Der Ethno- und Anthropologe  Claude Lévi-Strauss blieb zeit seines Lebens Akademiker, auch wenn er ein Außenseiter in der westlichen Wissenschafts-Kultur gewesen ist. Er wollte unbedingt an der Universität lehren und hatte viele Kämpfe mit Kollegen und Bürokraten zu bestehen, um seinen Lehrstuhl für Sozialanthropologie, seine Labor- und Forschungsbereiche und seine ethnologischen Vorlesungen etablieren zu können. Der mit ihm hinsichtlich vieler Aspekte zusammenarbeitende Psychoanalytiker J. Lacan kann jedoch fast als das Gegenteil dieses Akademiker-Anspruchs gelten.
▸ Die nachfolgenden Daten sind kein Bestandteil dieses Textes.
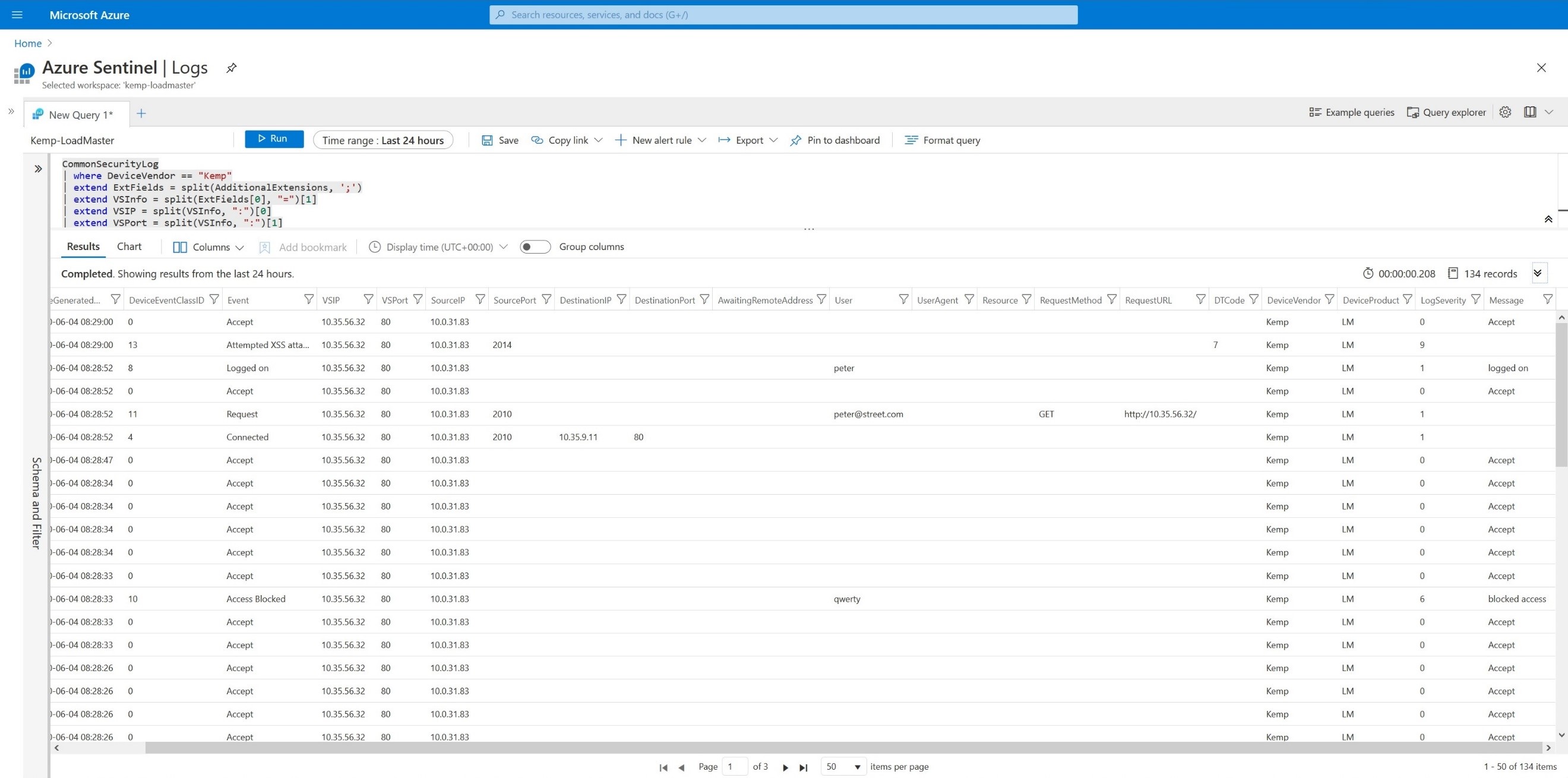 The Kusto language combined with the detailed information in the Kemp Technologies LoadMaster Edge Security Pack Common Event Format logs enables deep insight and visibility into authentication and authorization attempts in your network.

Für Lacan war klar, dass die Psychoanalyse nicht an einer Universität oder ähnlichen Institutionen gelehrt werden kann. Dem widerspricht nicht, dass Lacan auch Seminare und Vorträge abhielt, die professionellen akademischen Veranstaltungen ähneln. Das  Problem, um das es aber bei diesen beiden Wissenschaftsprotagonisten geht, ist das Gleiche: welche unbewussten Elemente steuern den Menschen und seine Welt, seine Seele und sein Universum?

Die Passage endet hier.